La laparoscopia è una delle tecniche medico chirurgiche più all’avanguardia in questo momento, sia curative che diagnostiche. Con la laparoscopia, la medicina può indagare cosa succede all’interno dell’addome senza dover per forza aprire con un’incisione.
Il medico chirurgo che effettua una laparoscopia utilizza uno strumento di precisione, chiamato appunto laparoscopio. Con questo tubo, entra nell’addome con una piccola telecamera, che gli mostrerà la situazione degli organi interni.

Il pregio principale di questa nuova tecnica chirurgica è sicuramente la minima invasività e il minimo impatto che ha sul paziente. Infatti per inserire lo strumento, il chirurgo effettua delle incisioni davvero piccole, rispetto a quella prevista da un intervento tradizionale. Il laparoscopio infatti ha una sezione talmente piccola che riesce ad entrare all’interno di questi piccoli tagli. Al suo estremo vi è una telecamera con una luce che permette di illuminare la zona da indagare. Il chirurgo può visualizzare le immagini direttamente su un monitor e nel frattempo può eseguire un eventuale intervento.

In linea di massima è preferibile effettuare la laparoscopia in anestesia generale, così il paziente sarà sedato e non subirà alcun tipo di pressione psicologica. Ciò perchè la laparoscopia si utilizza sia come intervento, ma anche come indagine diagnostica. A volte infatti non bastano le risonanze o le tac per andare a fondo nella comprensione del problema, ma serve qualcosa di più specifico.

Il paziente che deve sottoporsi a una laparoscopia ha bisogno di fare una preparazione specifica per questo intervento. Sono necessari alcuni esami preliminare per capire se il suo stato di salute permette lo svolgimento dell’operazione senza alcun rischio. Dopo una visita generica, ma accurata, il medico valuta la storia clinica del paziente e prescrive delle analisi ematiche e un elettrocardiogramma. In questo modo avrà gli strumenti per decidere se può effettuare l’anestesia. Quindi spiega come si svolgerà la laparoscopia, eventuali rischi e tempi di guarigione. E’ importante infatti mettere al corrente di eventuali problemi o effetti collaterali, chi si sottopone a una qualsiasi tecnica chirurgica, anche se fatta solamente a scopo diagnostico.
Il paziente dovrà sospendere tutte le terapie che modificano la consistenza del sangue, come ad esempio gli anticoagulanti, poichè rappresenterebbe un rischio ai fini dell’intervento. Dovrà recarsi in ospedale a digiuno e avrà bisogno di essere accompagnato a casa da un familiare o una persona cara.
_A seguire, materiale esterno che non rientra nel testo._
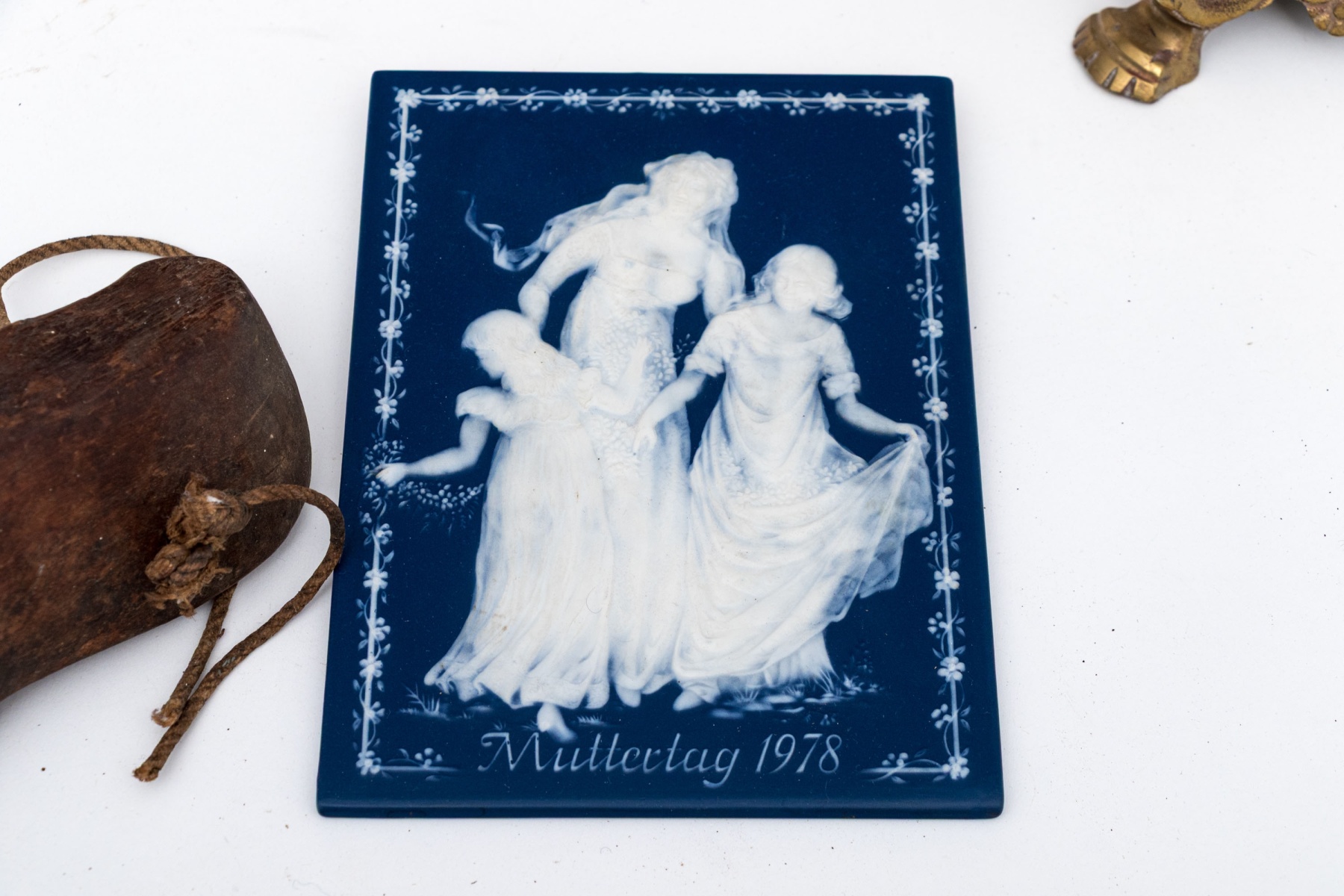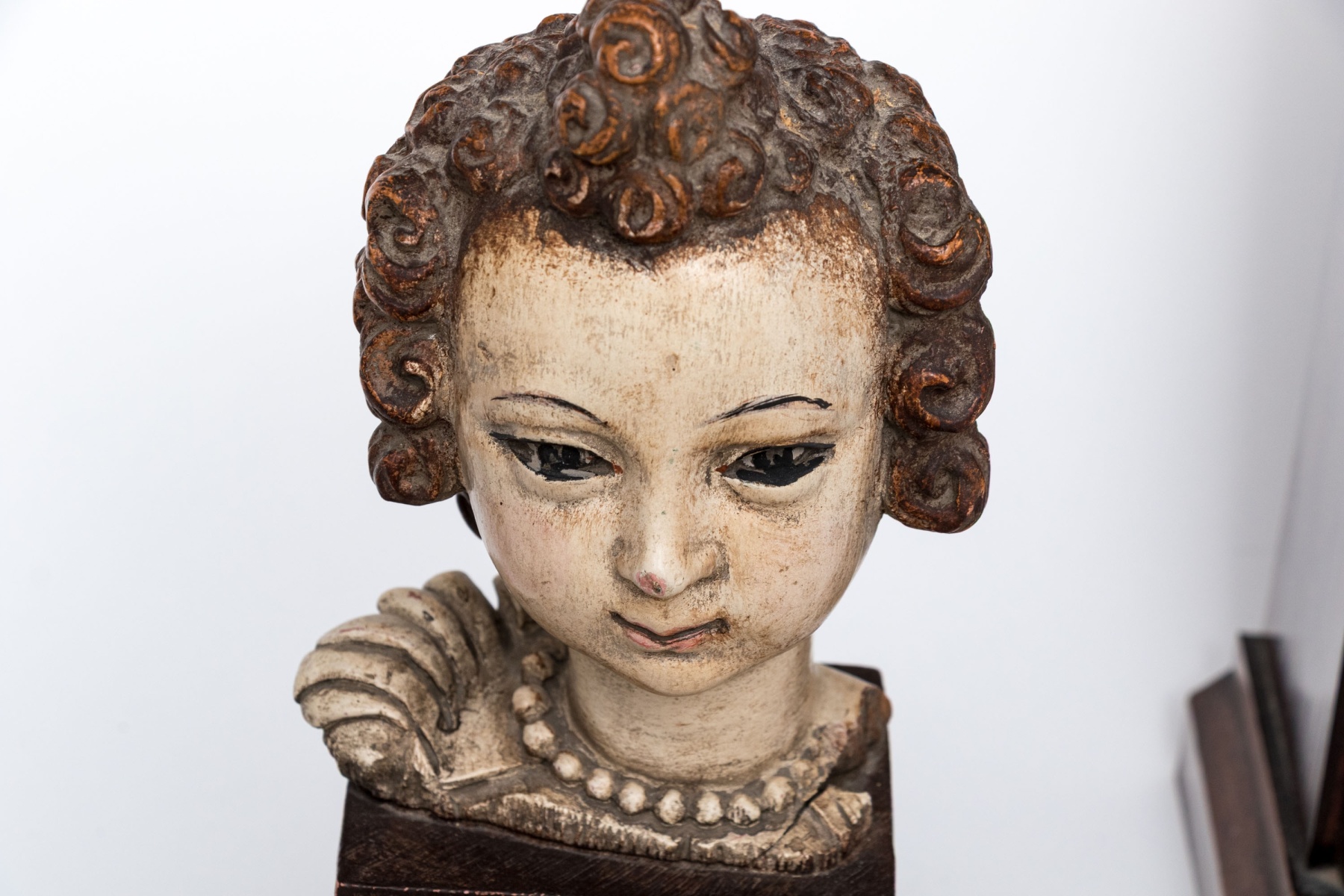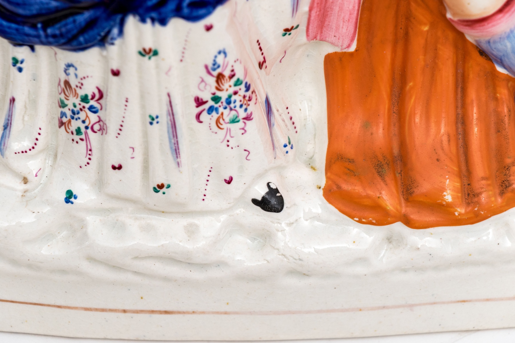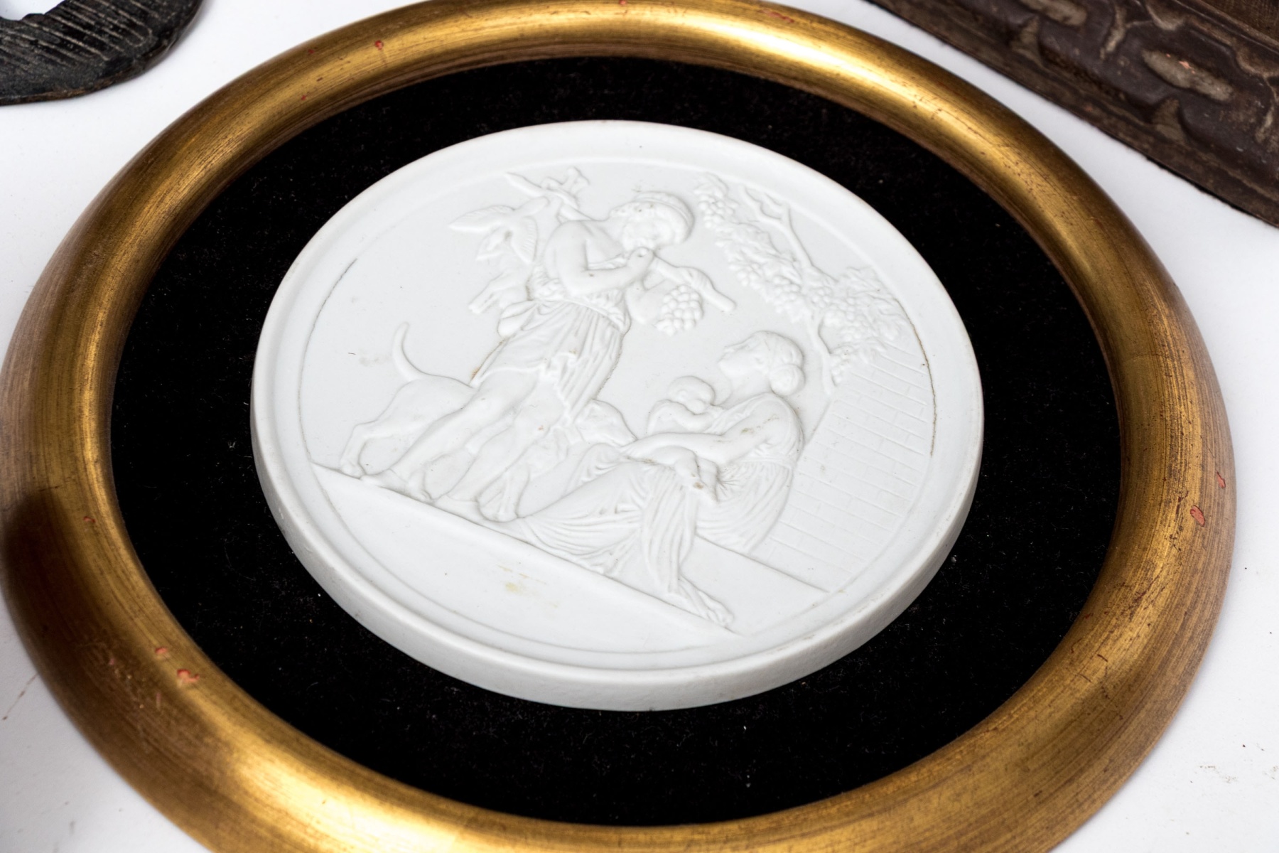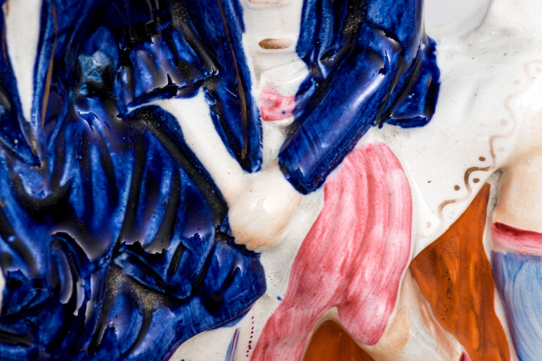 Comprised of a Quimper ceramic plate, Staffordshire fairing depicting a couple under archway, mantel clock, bust, carved wood shoe forms, and more.

L’intervento in laparoscopia si effettua in una sala operatoria, con un’equipe medica completa di anestesista, chirurgo, ferrista e infermieri. Il paziente indossa il classico camice sterile che viene fornito dall’ospedale al momento di andare in sala operatoria. Dopo aver addormentato il paziente, il medico procede ad incidere l’addome con il bisturi. Si tratta di piccole incisioni di circa un centimetro di lunghezza, nella zona intorno all’ombelico. Con un tubo, inserisce anidride carbonica all’interno dell’incisione per aumentare il raggio di azione del laparoscopio.
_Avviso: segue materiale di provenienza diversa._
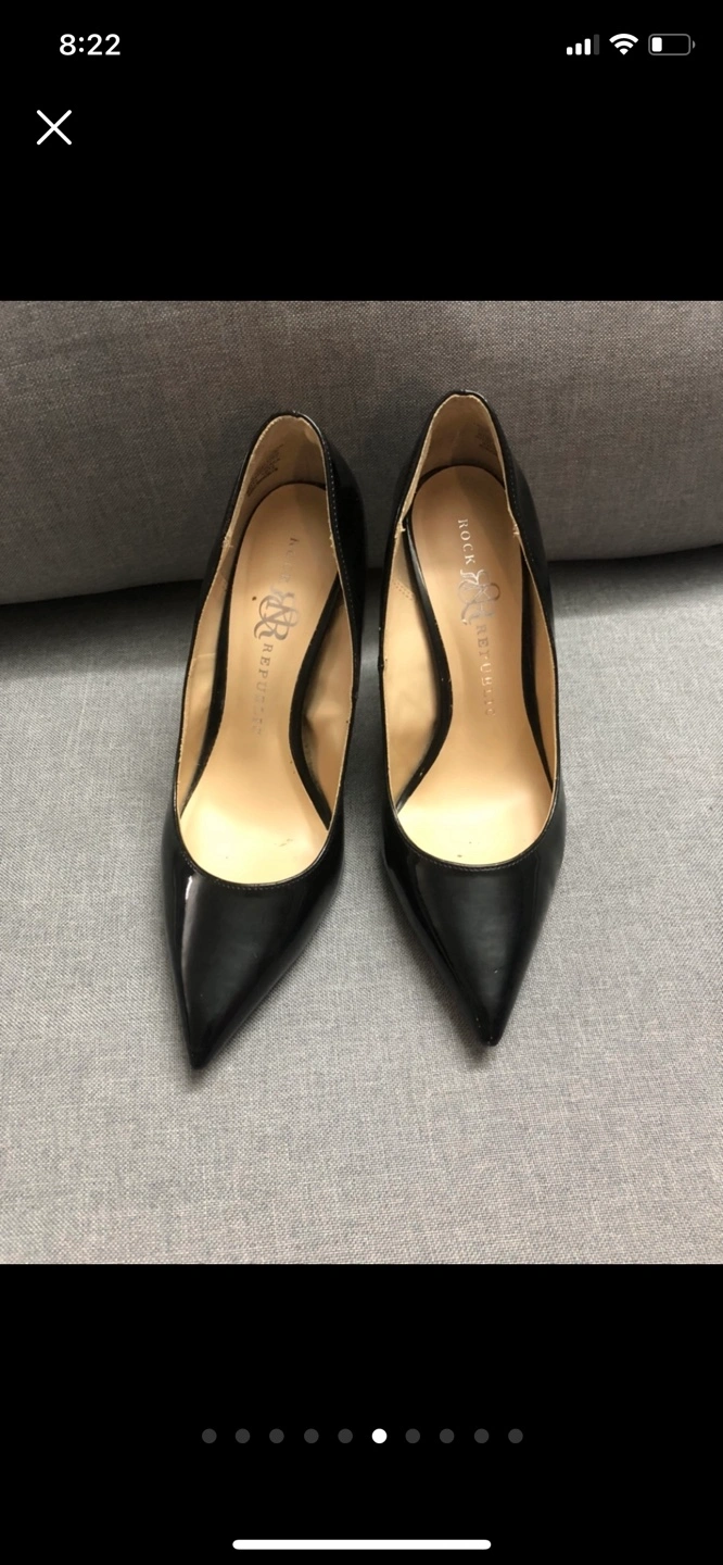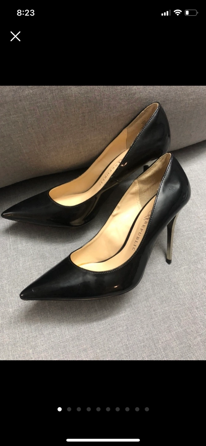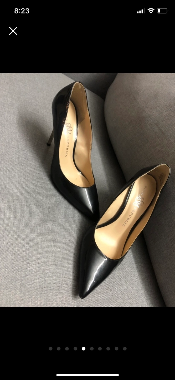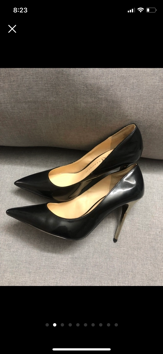 47Elegant black patent leather high heels. Pointed toe. Silver accents on heels. Great for evening events or special occasions.

In linea di massima un intervento in laparoscopia dura da circa mezz’ora a un’ora al massimo, a meno che non sopraggiungano complicanze durante l’operazione. Dipende un po’ dal tipo di procedimento, se diagnostico o terapeutico.
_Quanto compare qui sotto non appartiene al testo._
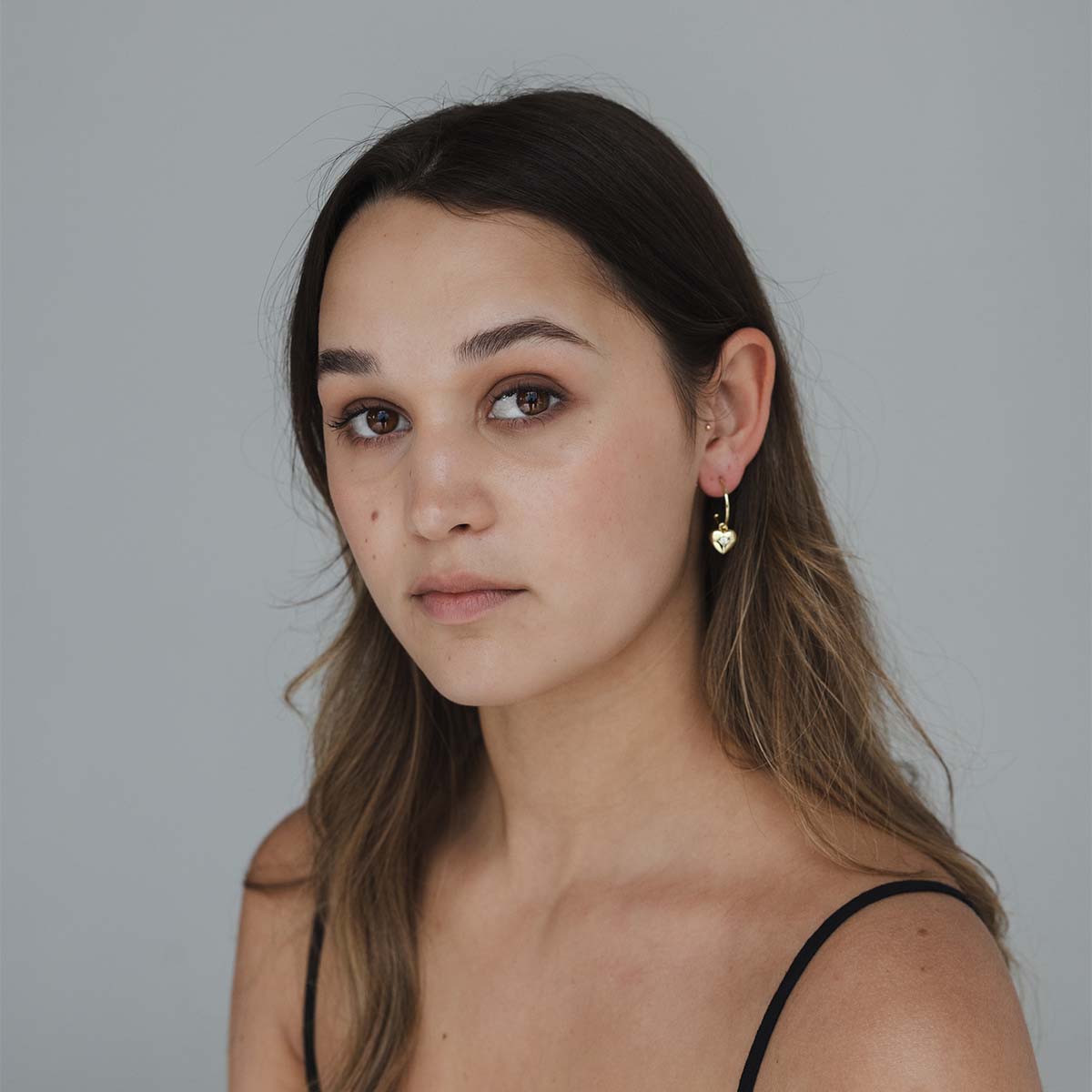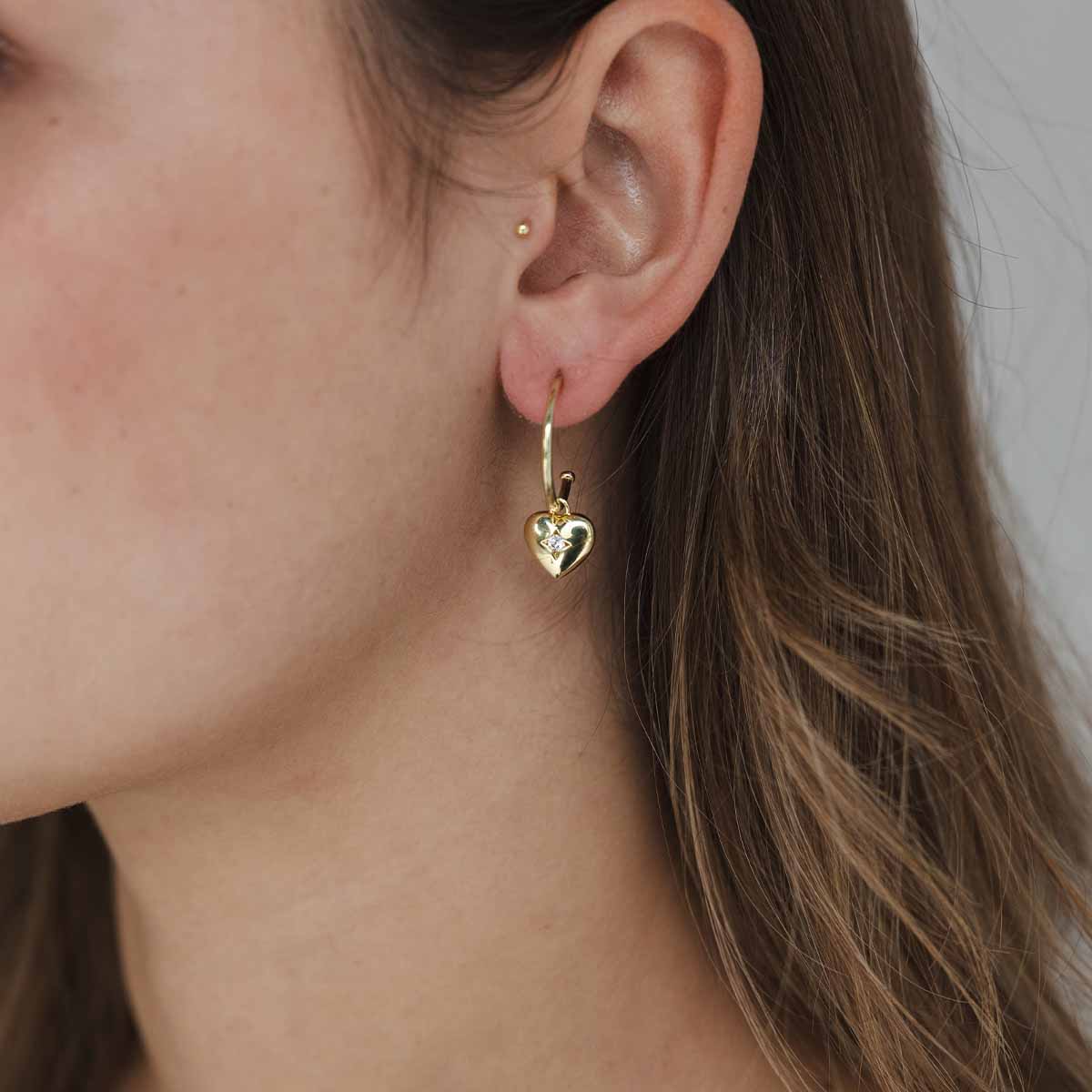 A large heart charm featuring a clear zircon on a large hoop stud. Pendant removable for a classic second look.

Durante il post operatorio, il paziente risentirà qualche disturbo a causa dell’anestesia. Ma comunque, se è andato tutto bene, basta un ricovero di un giorno per essere tranquilli. Il chirurgo in genere rilascia poi un foglio con la terapia eventuale da fare a casa, oltre a prescrivere un antidolorifico, e le modalità delle future visite di controllo. La ferita può dare fastidio per i primi tempi, ma basta prendere un semplice antidolorifico per attenuare il dolore, che comunque passerà in brevissimo tempo. Anche le cicatrici lasceranno segni quasi invisibili, e con l’aiuto di una crema specifica la pelle si riprenderà subito.